When it comes to credit card chargebacks, the burden of proof is on you, the business owner. The entire process could last as long as six months. In the end, the card vendor will always side with their client. Therefore, you must prove that the charge is correct on your end.
The Chargeback Process
- Customer’s card makes a transaction with a vendor
- About 30 days later, the customer sees a transaction on their credit card report that they do not agree with
- Customer calls their bank to dispute the charge
- The customer’s bank contacts the vendor’s bank for evidence to prove the transaction is valid
- Vendor’s bank asks the vendor for any financial data that relates to the chargeback
- Vendor’s bank goes back to the customer’s bank with the evidence
- The customer decides if the charge is valid or not
If the charge is valid
- No more money changes hands
- If the customer still refutes the charge, the vendor and customer go to arbitration, which will consist of a panel that decides if the charges are valid
- Arbitration asks for the evidence as supplied by the vendor
- Arbitration makes a final ruling on if the charge is valid
If the charge is ruled as invalid,
- The vendor pays the customer the amount they are owed, then pays the credit card processor the necessary fees
How to Prevent Chargebacks
1. Check for customer scams or card fraud
Credit card fraud is one of the top reasons for chargebacks.
To prevent stolen cards from being used, do the following:
- Make sure the card is present during a transaction
- Check the card’s name, signature, and expiration date
- Check the customer’s ID to see if it matches the card
2. Install EMV Card Readers
EMV cards are enhanced with improved security features. Installing an EMV card reader at your business protects you against chargebacks.
Businesses who have EMV card readers are more likely to win chargeback disputes. This will put a greater burden of proof on the cardholder.
An EMV card reader at your business protects you against chargebacks
3. Chargeback Insurance
Several organizations exist that protect businesses from chargebacks. Chargeback insurance companies cover businesses in many situations, including:
- Accidental transaction of a stolen card
- Accidental transaction of a forged card
- Mismatched signatures
Businesses can get reimbursed for any services or products charged back. Also, companies can recoup costs if they are claiming lost profit.
4. Make sure the business name is the same both in your store and on credit card transactions
Let’s say you are a brick and mortar store called ABC, Incorporated.
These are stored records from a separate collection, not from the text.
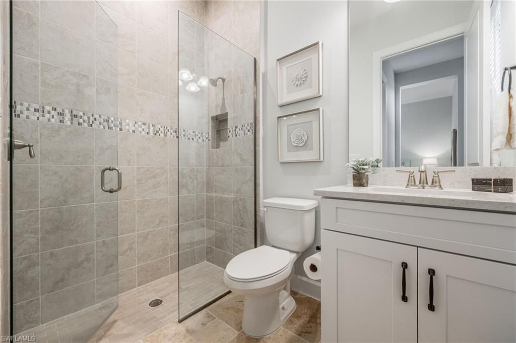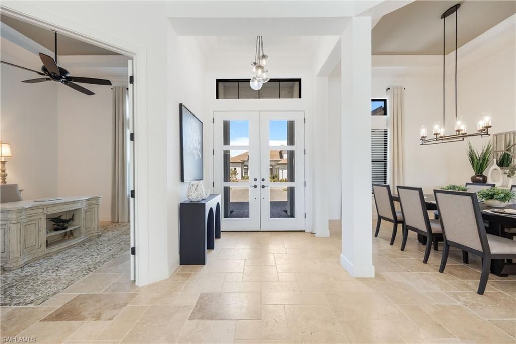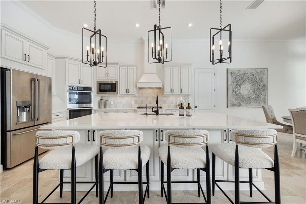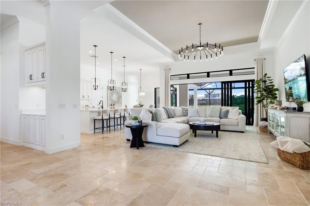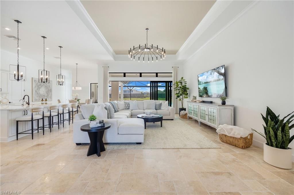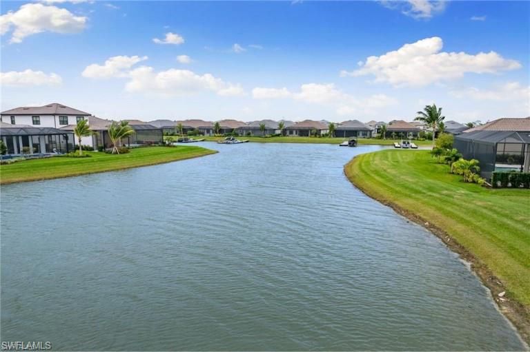YES, you can install your own private boat dock!! Discover the elegance and comfort in this exquisite Beacon model with a stunning West Indies elevation, perfectly situated on a private cul-de-sac for ultimate tranquility. Designed for luxury living, this home boast of 3 bedroom plus den and oversized bonus room, offering an impeccable blend of style, functionality, and top tier finishes. This home has an open airy floor plan, where soaring tray ceilings and Southern exposure bathe the space in natural light. The chef's kitchen is a masterpiece, featuring luxurious quartz countertops, custom cabinetry, top-of-the-line GE appliances, gas cooktop and double wall oven and double wine coolers. The master suite is a serene retreat, complete with spacious walk-in closets, spa-like ensuites with dual sinks, soaking tub and separate shower. The expansive 2622 sq ft lanai is a true showstopper with spectacular saltwater pool and infinity spa, extravagant marble decking set on poured concrete. This home is built for security and convenience offering impact-resistant doors and windows with a full house Generac generator. This lot allows you to add your own boat dock for quick access to Lake Como (perfect for boating and fishing) Located just minutes from RSW Airport and Gulf Coast Town Center. Esplanade Lake Club, where world class amenities include, state of the art fitness center, resort style pool and spa, Tennis and pickleball, white sand beaches, Bahama restaurant, boat launch and more! Don't miss this incredible opportunity to make this dream home yours! Call today for a private showing.
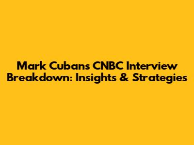 Mark Cuban's CNBC Interview Breakdown: Insights & Strategies
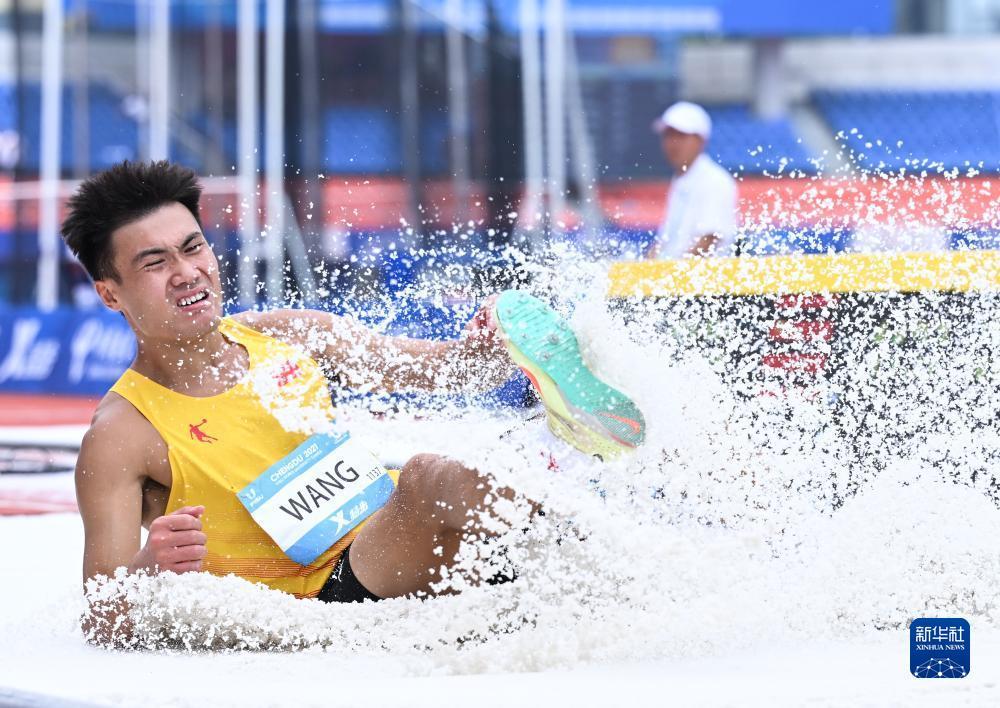 8月2日,中国选手王志鹏在男子十项全能跳远比赛中。新华社记者 王曦 摄

However, you work under a parent company known as XYZ Companies. Your business front is known as ABC, Inc., but all transactions are conducted as XYZ.
Your customer won’t know these are the same. This may lead them to dispute the charges. Making sure the business name matches on the receipt gets rid of confusion and cuts down on chargebacks.
Other reasons customers may want a chargeback include:
- Products were not good enough
- Services or products were misrepresented
- They were billed wrong
- They were not given the correct product
When this occurs, address customer concerns promptly and keep thorough records. These are issues unrelated to credit card transactions and are based on customer satisfaction.
With the right customer relations strategy, you could avoid chargebacks and save your company from any long term damage.